_WORK TASK_. Locate "9 - بابُ مَا لاَ يُرَدُّ مِنَ الْهَدِيَّة" in the data below, then output the line it is on and all following lines through the last, word for word. Skip any pictures.

_DATA_.
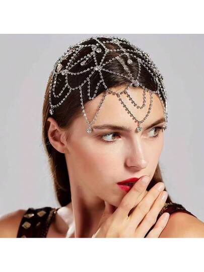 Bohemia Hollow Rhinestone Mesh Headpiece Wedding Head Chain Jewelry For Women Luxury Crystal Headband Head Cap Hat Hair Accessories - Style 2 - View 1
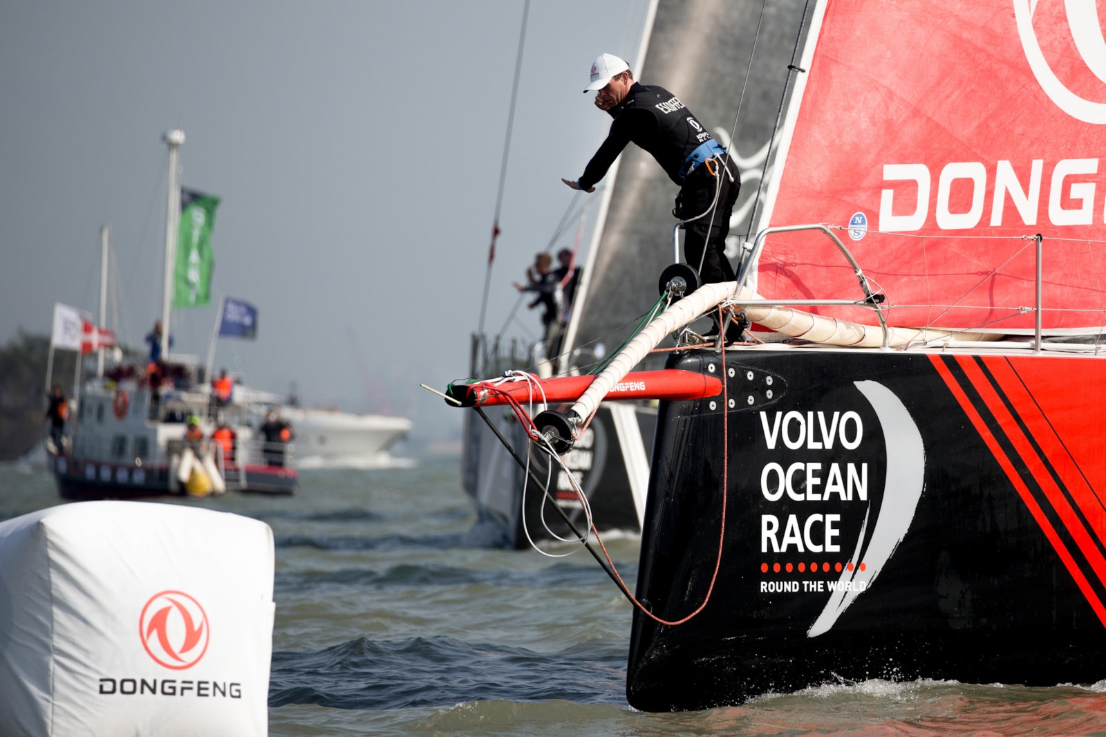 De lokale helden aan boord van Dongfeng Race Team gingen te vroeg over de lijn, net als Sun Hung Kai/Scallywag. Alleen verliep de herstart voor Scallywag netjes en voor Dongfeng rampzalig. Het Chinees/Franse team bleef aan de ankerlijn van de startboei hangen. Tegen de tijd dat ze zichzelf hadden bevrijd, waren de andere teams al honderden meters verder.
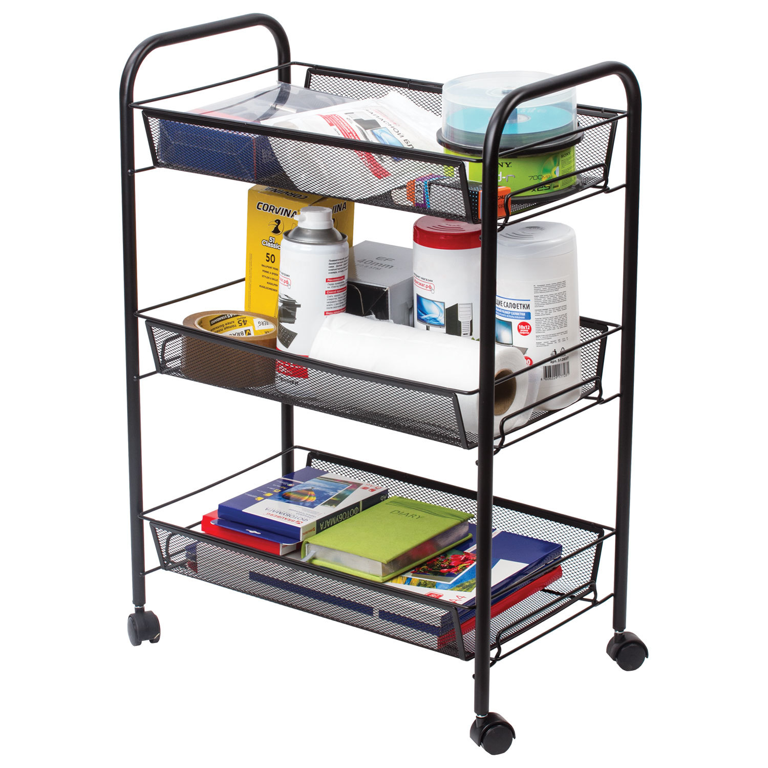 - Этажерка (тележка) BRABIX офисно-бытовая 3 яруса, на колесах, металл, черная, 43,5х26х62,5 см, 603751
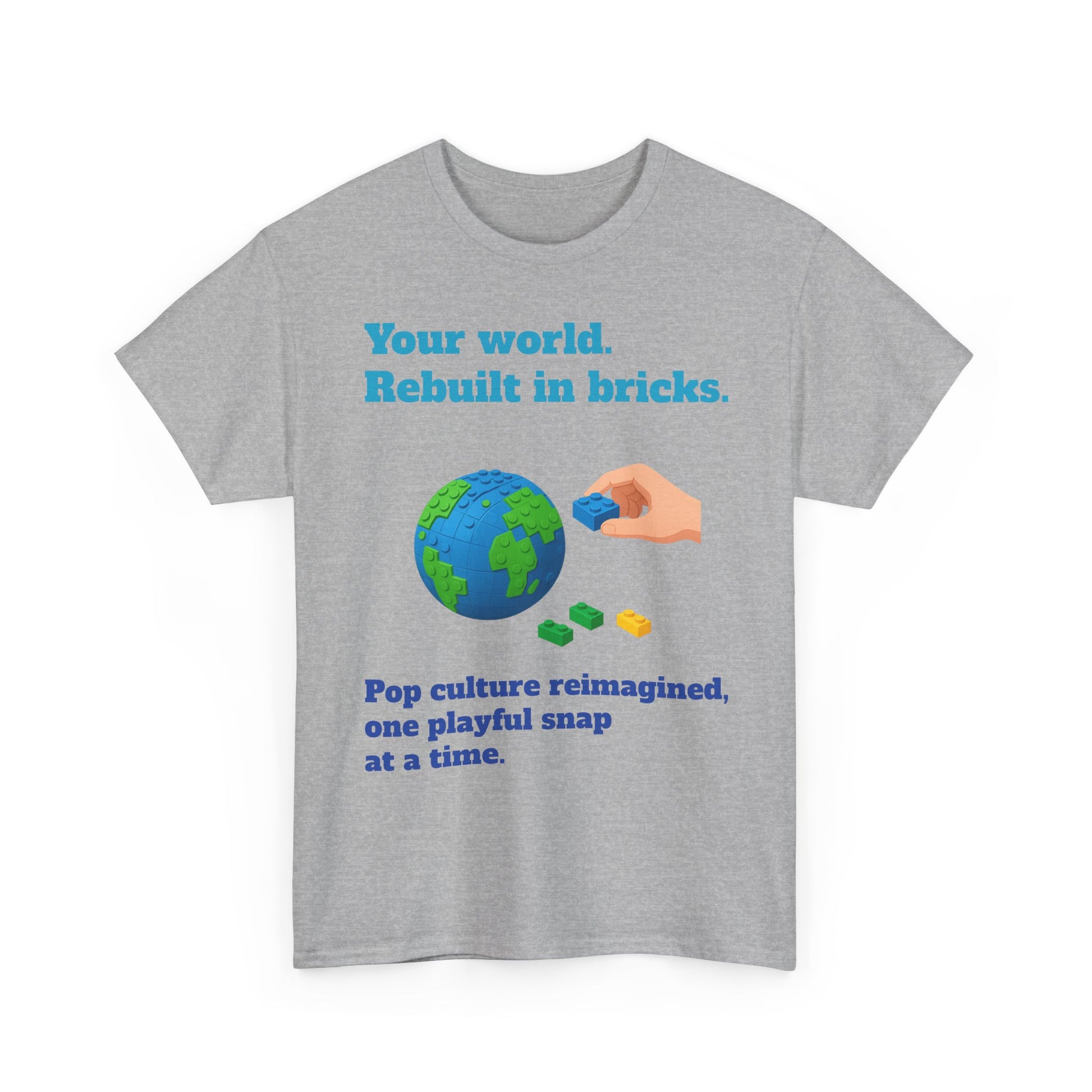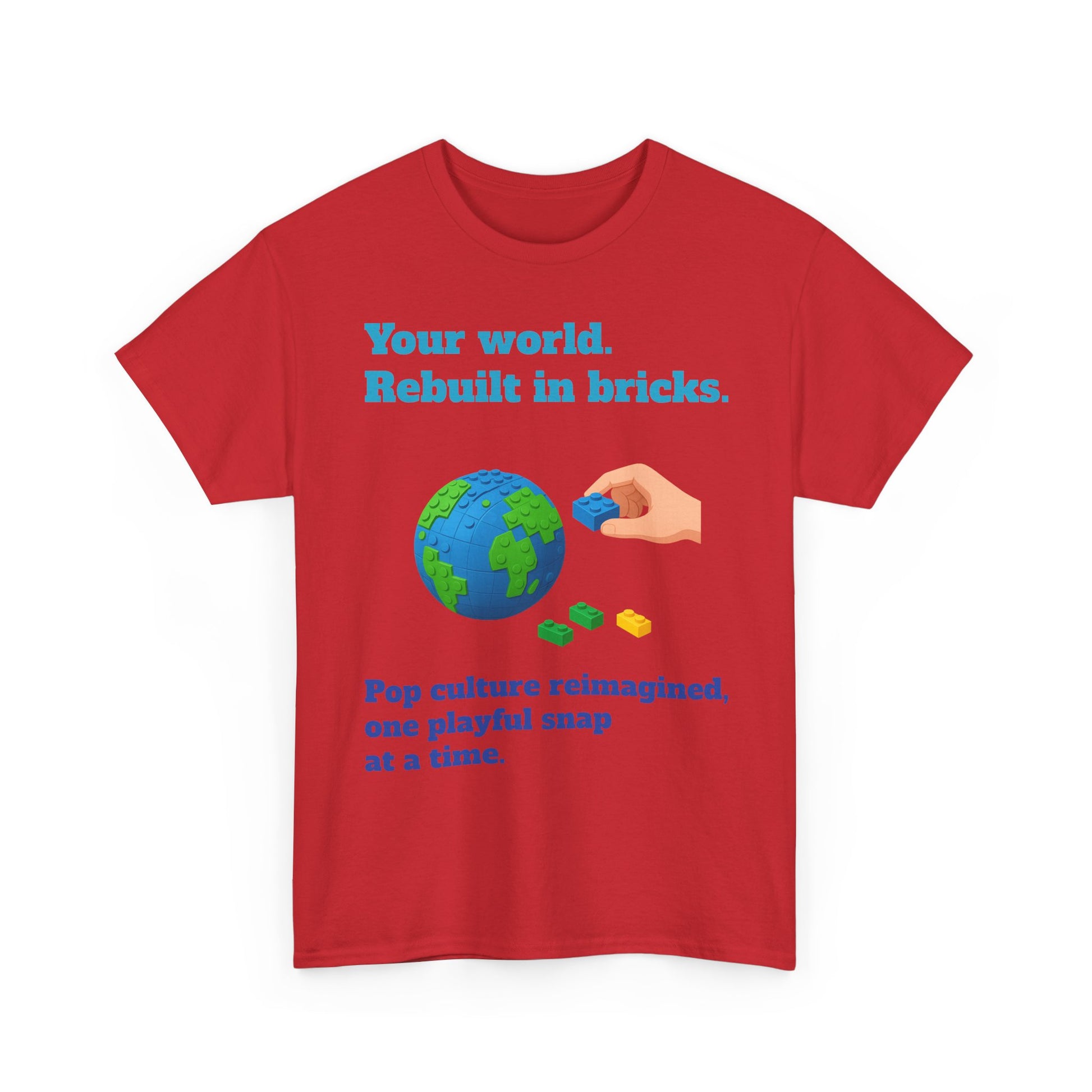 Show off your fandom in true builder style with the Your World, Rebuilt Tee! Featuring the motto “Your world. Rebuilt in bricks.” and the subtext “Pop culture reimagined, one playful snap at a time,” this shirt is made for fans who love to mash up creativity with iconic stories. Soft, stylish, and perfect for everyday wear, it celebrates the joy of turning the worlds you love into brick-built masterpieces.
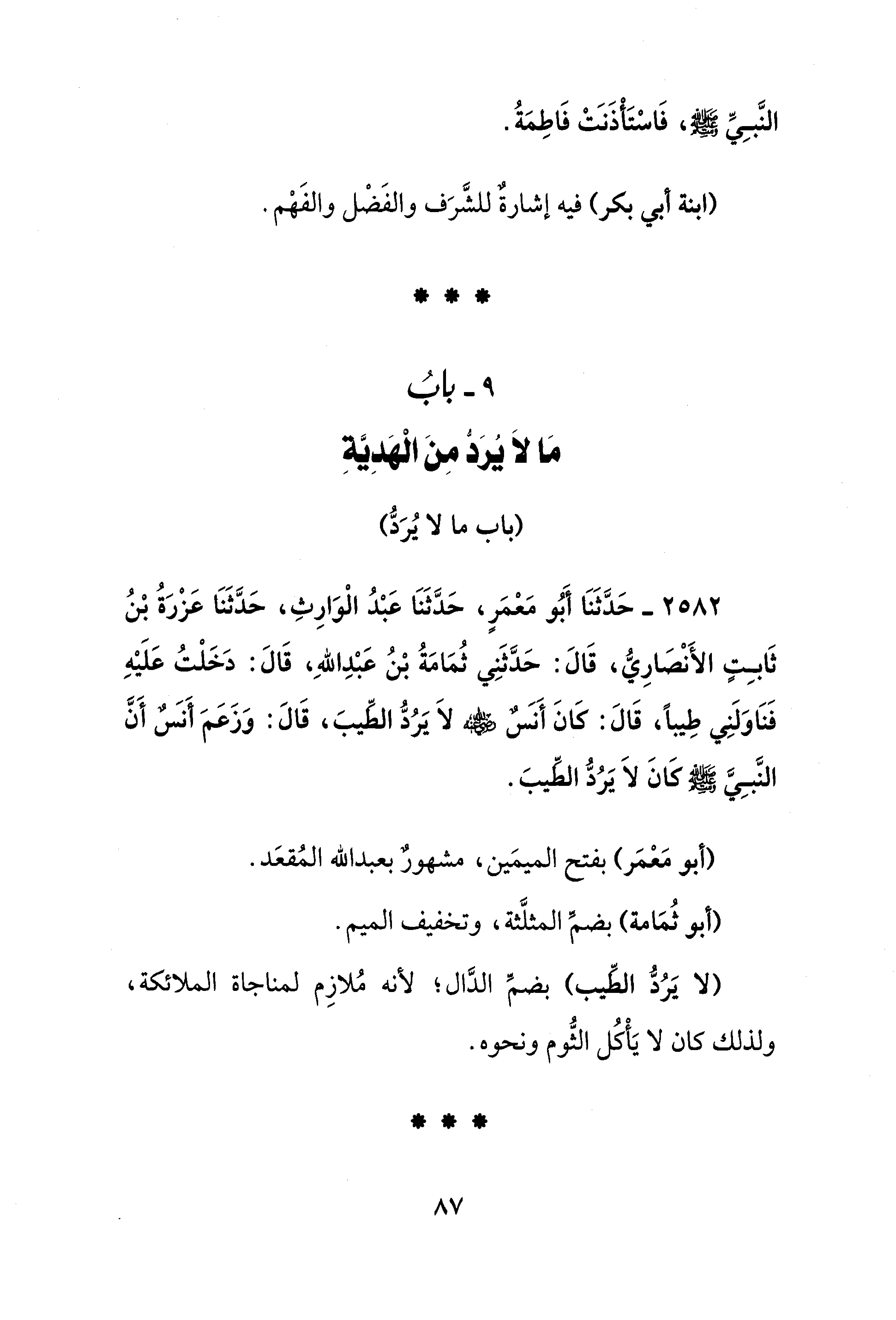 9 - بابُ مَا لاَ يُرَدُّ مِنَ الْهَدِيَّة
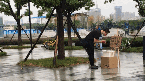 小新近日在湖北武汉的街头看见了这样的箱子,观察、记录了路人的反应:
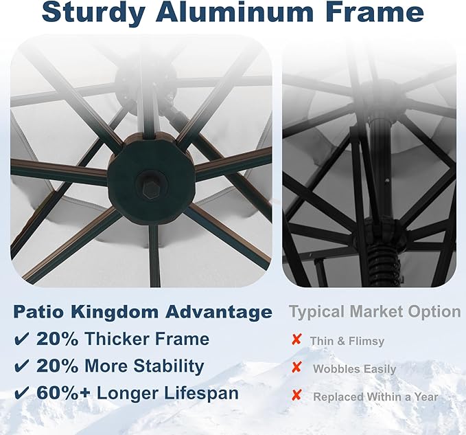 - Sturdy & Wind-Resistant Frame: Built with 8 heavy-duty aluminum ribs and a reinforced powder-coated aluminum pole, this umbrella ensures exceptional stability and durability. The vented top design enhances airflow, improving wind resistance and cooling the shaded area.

_ANSWER BOX_.
 9 - بابُ مَا لاَ يُرَدُّ مِنَ الْهَدِيَّة
 小新近日在湖北武汉的街头看见了这样的箱子,观察、记录了路人的反应:
 - Sturdy & Wind-Resistant Frame: Built with 8 heavy-duty aluminum ribs and a reinforced powder-coated aluminum pole, this umbrella ensures exceptional stability and durability. The vented top design enhances airflow, improving wind resistance and cooling the shaded area.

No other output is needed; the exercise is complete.